Of course I implement other things like citrulline malate, various arginine compounds, and glutamine, etc, but the above is what I consider the fundamentals upon which other stuff should be added as needed.

For example, if someone is having gastrointestinal problems, training a lot, and tending to get sick, then they would most likely benefit tremendously from glutamine, as it plays critical roles in not only muscle tissue, but also in the GI tract, and in the immune system.

I know it is human nature to chase ‘shiny objects’ that grab our attention – like the latest and greatest supplement. But the key for anyone wanting to get results out of their supplements is to always choose the proven basics like whey protein, and fast-digesting carbs. And these days it’s pretty safe to put creatine, BCAAs, and even beta-alanine in this category.

The way I look at it, never spend money on something that may or may not work, unless you have already purchased and use what we do know to work.

JOHN: Great information. Ok, one last question. Cardio for fat loss, what are your thoughts around that?

DR. CLAY: Sadness….sadness for people like me who absolutely MUST do cardio to get and/or stay relatively lean.

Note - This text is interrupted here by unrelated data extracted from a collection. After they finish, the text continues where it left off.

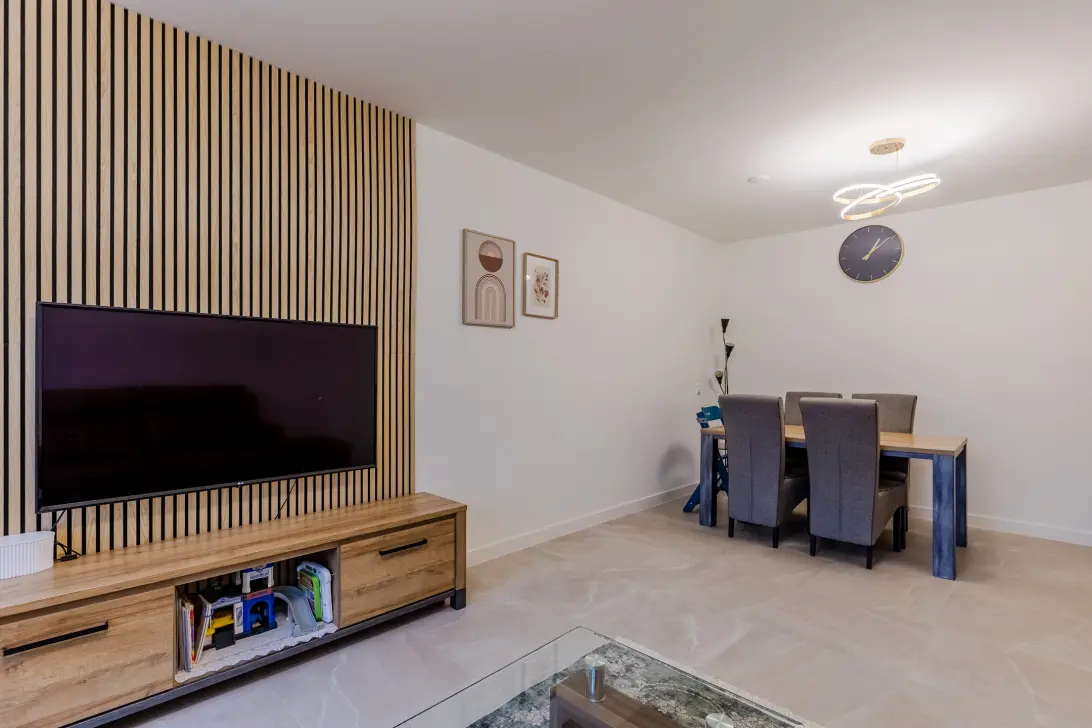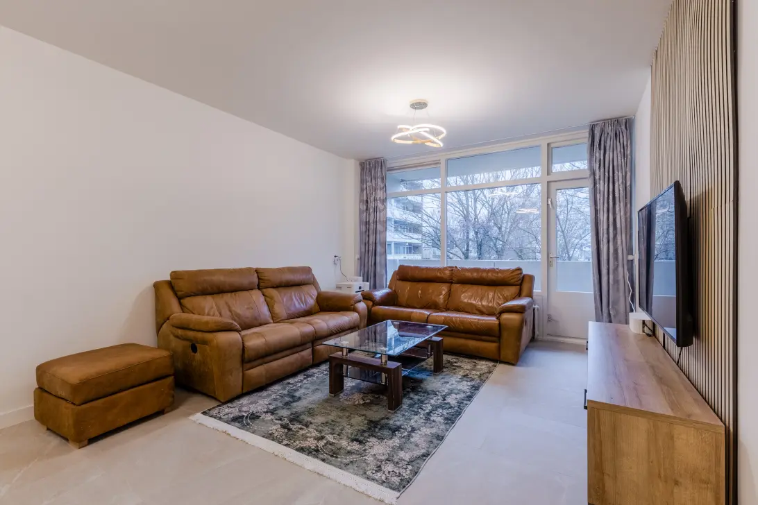 In de ruime woonkamer zijn de wanden strak afgewerkt en deels voorzien van moderne wandpanelen. De brede raampartij met openslaande balkondeur zorgt voor een geweldige lichtinval. Het balkon ligt over de gehele breedte van het appartement en biedt genoeg ruimte voor een gezellig zitje. Dankzij de beschutting aan beide kanten geniet je hier in alle rust van het lekkere weer.
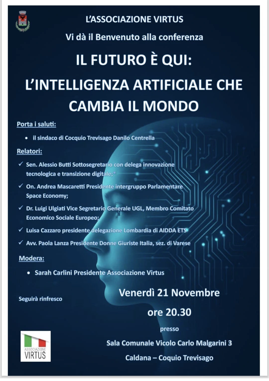 La nostra presidente Luisa Cazzaro sarà relatrice alla conferenza Il futuro è qui: l’intelligenza artificiale che cambia il mondo. Organizzata dall’Associazione Virtus. L’incontro si terrà il 21 novembre alle 20:30 presso la Sala Comunale di Caldana – Cocquio Trevisago in provincia di Varese. Interverranno, oltre a Luisa, il sen. Alessio Butti, Sottosegretario con delega all’innovazione tecnologica e transizione digitale, on. Andrea Mascaretti, Presidente intergruppo parlamentare space economy, Luigi Ulgiati, Vice Segretario Generale Vicario di Ugl , avv. Paola Lanza, Presidente Donne Giuriste Varese.
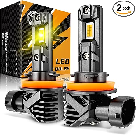 400% PENETRATING BRIGHTNESS: yellow beam, upgraded dual CSP3570 chips produce 4X brighter than original, with 150% wider coverage to spot hazards 1.5s sooner in dark or low-visibility areas. 300% better night vision, engineered for dense fog/rain. 60,000HRS LONG LIFESPAN:Dual copper bases + aviation aluminum body + fishtail heatsinks+ thermally conductive coatings + double large culverts, achieve 200% faster heat dissipation. Fanless sealed housing resists water/dust, preventing it failure and greatly reducing wear. 1:1 PRECISE BEAM PATTERN: Perfectly mimics the factorys’ beam pattern, providing uniform light distribution for a clearer and wider vision. The ultra thin head design maximizes light output. No dark spots, no shadows, no blindness to oncoming traffic…
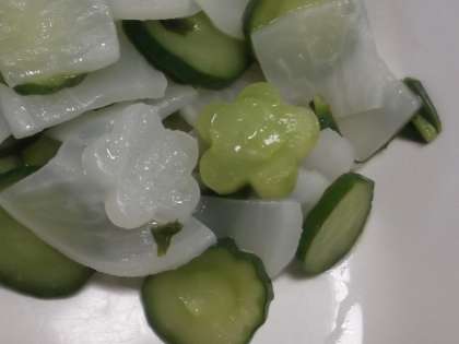 また、「かぶのサラダ」に〈花びら型〉の《きゅうり》と《かぶ》が入っていました。
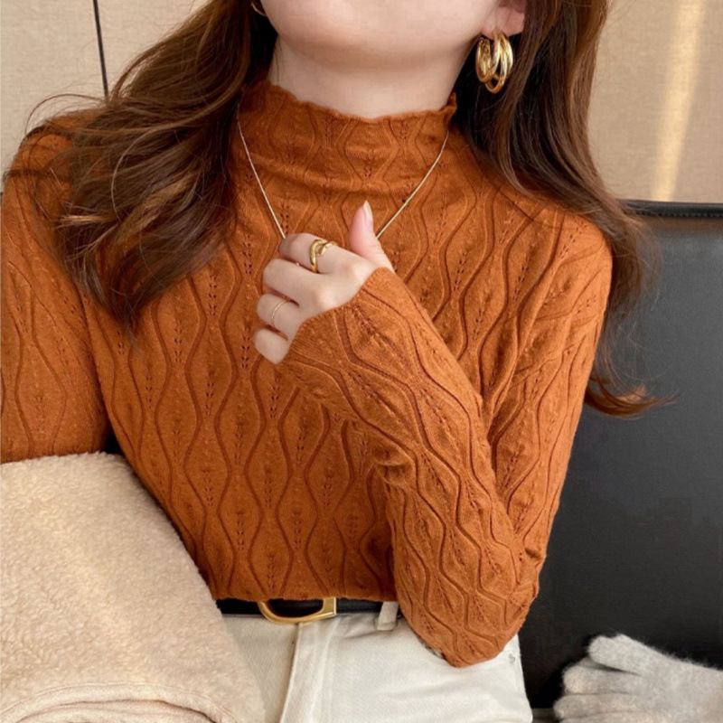 新しいレースの底のシャツの女性の春秋の半高襟の修身の気質のセーターの杏色の長袖のニットの上着
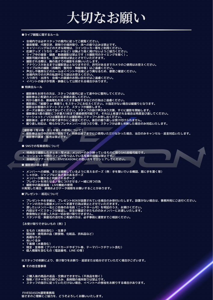 10/31 抽選結果について NEWS #FIVESEASON FIVESEASON 2025/10/24 21:11 フォロー 抽選の結果が出ました!※支払期限を過ぎますと、当選された方でも最前チケットは無効となりますので、ご注意ください! URLをコピーする 報告する
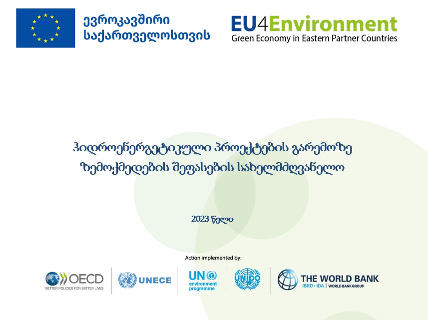 ევროკავშირის ფინანსური მხარდაჭერით, მიმდინარე პროგრამის - „ევროკავშირი გარემოსთვის” ფარგლებში, გარემოზე ზემოქმედების შეფასების ინსტრუმენტის ეფექტიანი განხორციელების მიზნით, შემუშავდა ჰიდროენერგეტიკული პროექტების გარემოზე ზემოქმედების შეფასების სახელმძღვანელო.
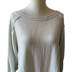 Size Small, very light pastel green, mini length, pull on, pockets, ruffle hem, raw edges, open back.
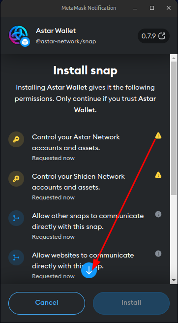 Click the arrow to view the entire list of permissions required by the Astar Wallet snap and, if you accept them, click the MetaMask "Install snap" button labeled "Install" to begin installing the Astar Wallet snap.

On a more serious note, my overall rule-of-thumb is this: the more cardio you do and the harder you do it, the faster you’ll lose fat. BUT, if you need to do more than two 60-minute sessions per day (which would, of course, be more steady state in nature like treadmill walking), then you’re not doing something right.

As a coach, I never recommend more than 120 minutes cardio per day; if the client isn’t losing fat quickly enough with that, then I consider it my fault.

Sure, hiking, trail walking, walking on the beach, bike riding on the weekend, and other stuff may last quite a few hours and that’s cool, of course. I’m talking about doing that much as a part of a regular cardio plan.

Along those lines, however, hardly ANYONE needs to worry about losing muscle doing cardio. That’s one of those things that serves no purpose other than to give one analysis paralysis…and yet one more reason why maybe they shouldn’t do cardio after all.

So, from my experience and observation, as long as we keep High Intensity Interval Training to no more than about an hour per week, and no more than about 60 minutes of walking done 10 x per week, then muscle loss will not be an issue.

Besides, who doesn’t look better having lost 10 pounds of fat, even if you did lose a couple ounces of muscle?

JOHN: Ok, agreed 100% on that. I want to thank you on behalf of the readers for your time, and insight. I look forward to doing this again sometime Dr. Clay. All the best!

DR. CLAY: Thank you John.

It has been a pleasure, and we’ll talk again!